Anyway the upshot of all this is there's new short-story on my website this week, Agents. Meanwhile, beyond my own little bubble, a couple of things caught my eyes and ears this week.
First off a showing of Tony Benn Will and Testament. A fascinating and very personal insight into the political and private life of Britain's longest serving Labour MP and perhaps one of our most enduringly popular politicians. Who, having made the journey from Britain's most dangerous man to national treasure, continued to tour the country packing out venues when he retired from parliament to 'spend more time doing politics'. The screening I attended included a Q&A session with his daughter, Melisa Benn, which offered many additional insights. All in all a fascinating evening. Although as Tony Benn pointed out when the establishment tried to claim him as a national treasure. “Being a national treasure is also a danger because, if you’re a national treasure, they’re really saying you’re a kindly, harmless old gentleman. Well I am kindly, I am old, I could be a gentleman, but I’m not harmless.”
The thing that caught my ear this week was a story on BBC Radio 4's Today Programme. The story in question dealt with the well documented exposure of under-cover police officers who infiltrated various campaign groups. These officers were not just spy's, but it has been alleged, also acted as agent provocateurs and in some cases committed crimes. They assumed the identities of dead children and, despite being married with children of their own, formed long term sexual relationships with members of the groups they infiltrated. In several cases fathering children before disappearing without trace to return to their 'real' families.
I'd recommend reading Undercover: The True Story of Britain's Secret Police if you want to find out more about this shocking scandal.
The BBC report dealt with the case of Bob Lambert who under the assumed identity of Bob Robinson infiltrated environmental, animal rights and anti-racist groups. Fathering a child with one of the activists he was spying on before returning to his family in the suburbs. He is also credited with co-authoring the infamous McLibel leaflet that saw two environmental activist pursued through the courts for ten years by the McDonalds corporation. As well as deploying undercover officers to spy on black families campaigning about police mishandling of the deaths of their loved ones such as Stephen Lawrence.
When reporting on the Metropolitan polices decision to pay £425,000 to the female activist who he fathered a child with, the BBC described the women violated by these undercover officers as activist who'd had been 'having affairs with the undercover officers'. Now that's a very interesting use of words, because, in one single sentence, the victims of the deception have become the activate participants in the 'affair' and the undercover officers the passive recipients of their attentions. It also worth noting that being described as 'having an affair' is quite a pejorative use of language, as it implies the person having the affair is doing some illicit or immoral. Perhaps it would have been more accurate to describe the women as having being seduced by undercover police officers? Or describing the woman in question as one of a number of women with whom undercover officers had affairs? Although framing it in that context would have shifted the burden of guilt from the women to the undercover officers.

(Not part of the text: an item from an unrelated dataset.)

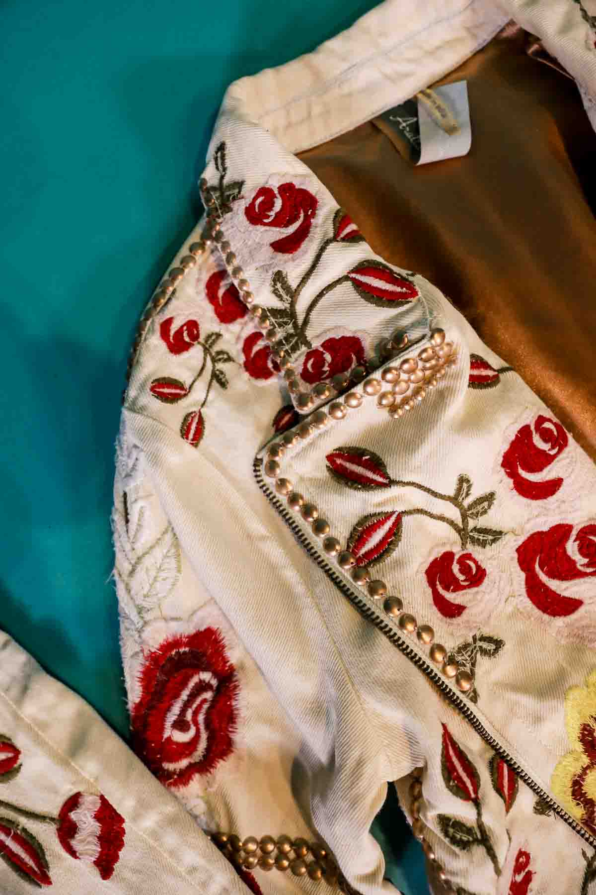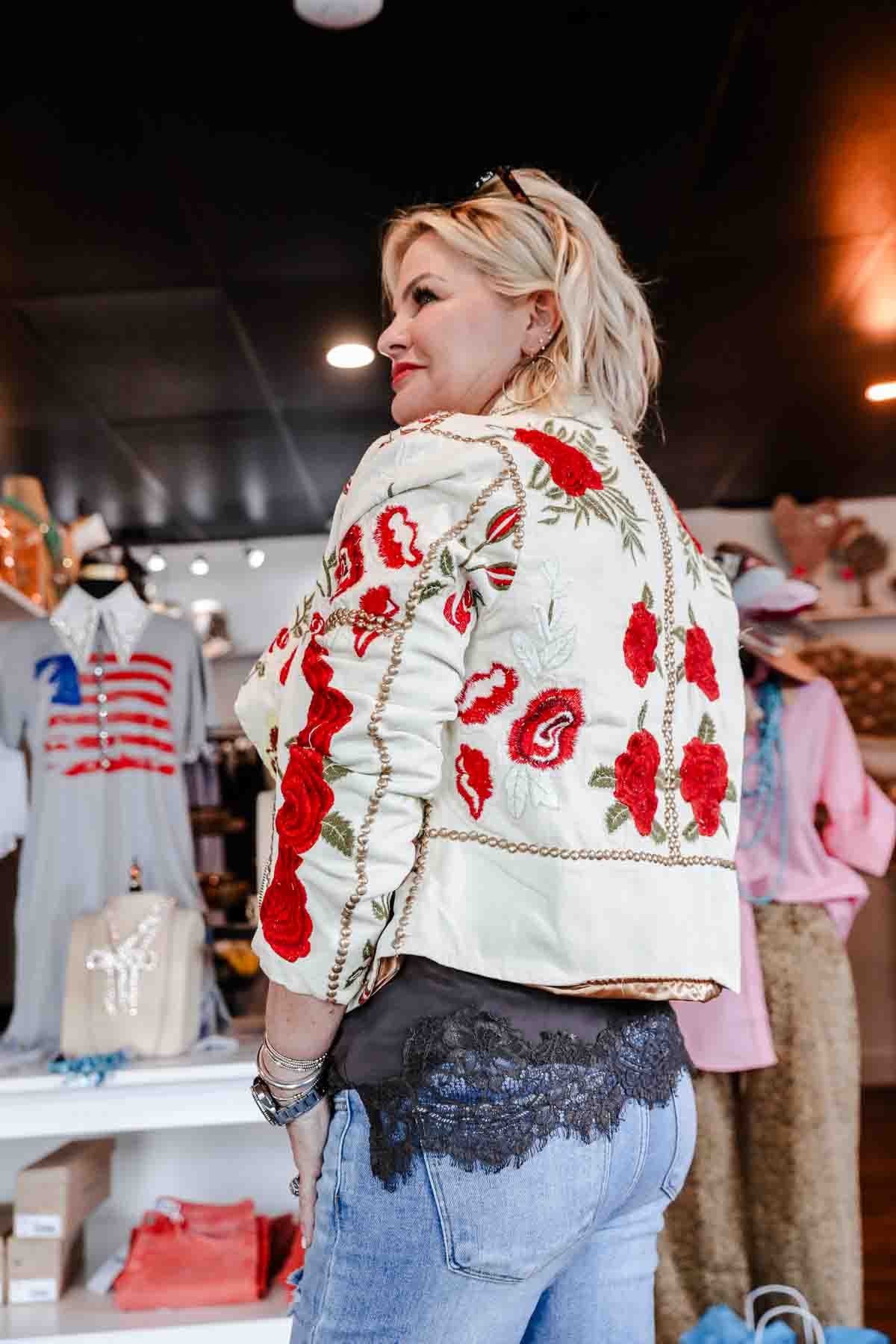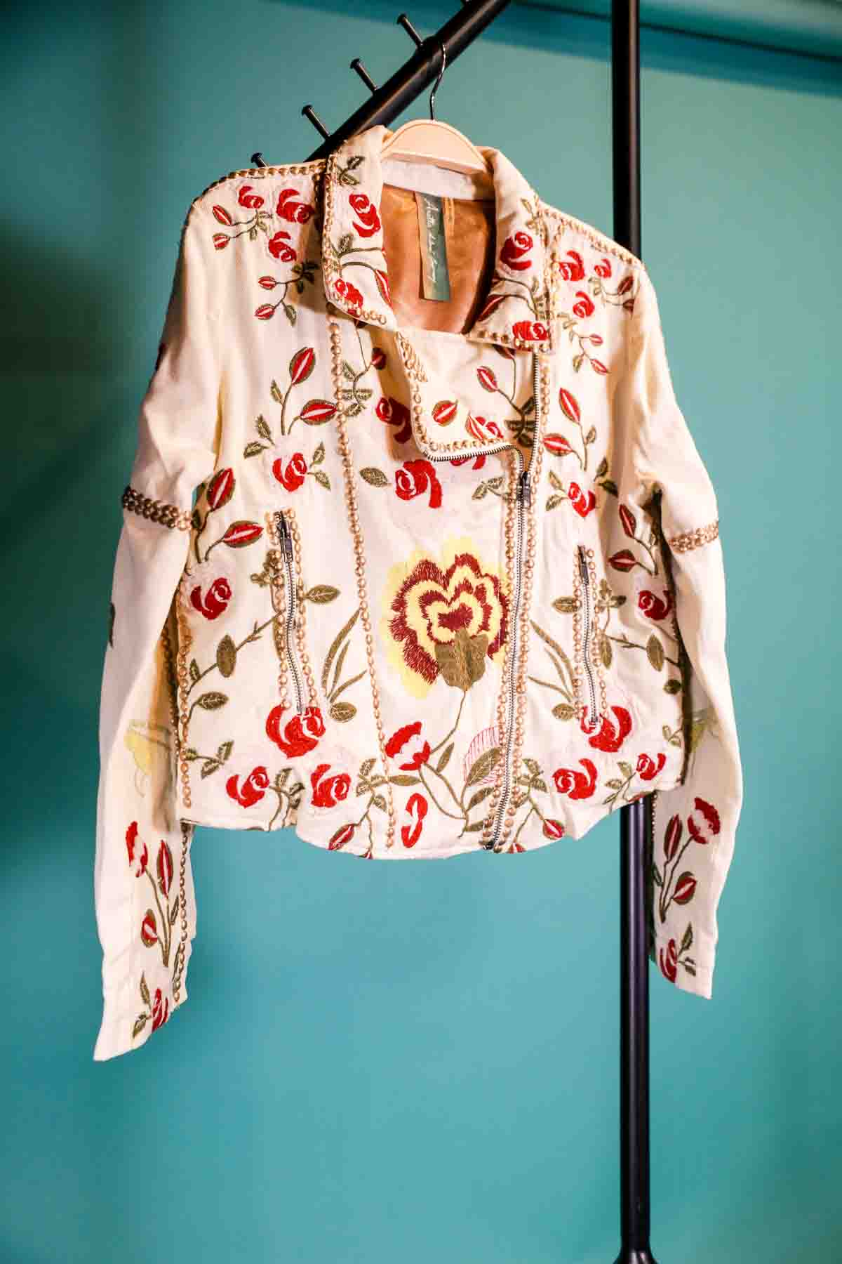 The Carmen Rose Jacket is a playful twist on classic denim with embroidered floral details and edgy stud accents. Crafted from 100% cotton, this ivory motorcycle-style jacket features a sturdy zip closure and two front zip pockets for a cool, functional vibe. Perfect for adding a bit of attitude to any outfit, it’s designed to stand out while keeping you comfortable. Remember to dry clean only to keep those vibrant details looking fresh and fabulous!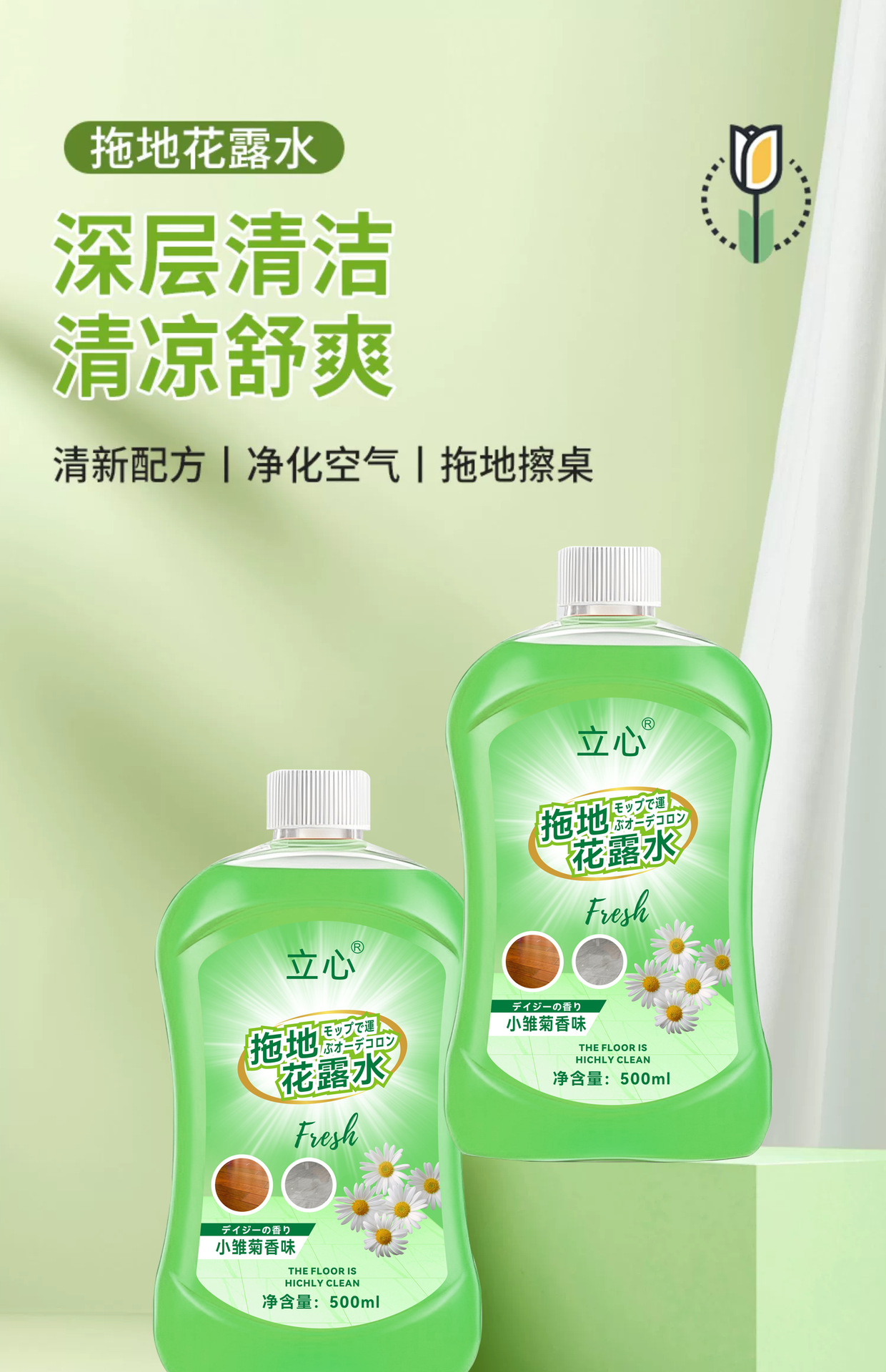 Многофункциональное средство для мытья полов Lixin, 500 мл, с ароматом свежей хризантемы, для удаления запахов, для домашнего использования

It brings me back in roundabout way to 'Tony Benn Will and Testament'. As I believe it was around the time of the 1984 miners strike that Benn was described the most dangerous man in Britain. One of the turning points of that strike was the 'Battle of Orgreave'. Where the BBC television national news was subsequently accused by the National Union of Mineworkers (NUM), Tony Benn and others of, in effect, screening events in the wrong order to create a misleading impression that mounted police charged pickets only after officers came under sustained violent attack.
I'll leave you to judge the veracity of the above you can find many sources on the internet representing all the various viewpoints on the issues covered. However what it does demonstrate is one of the themes that framed much of George Orwell's work, the power of language and the media to subtly shape and frame how we perceive the world and events around us. Which is why, as Tony Benn often pointed out, we should always question and challenge those who claim power and authority over us.
I would also add that we should also question and challenge ourselves. It all too easy for the internet to become a closed echo chamber in which we simply seek out information that reinforces our own, often quite narrow view of the world, instead of broadening our horizons. And that way extremism lies. Other blogs and viewpoints are of course available.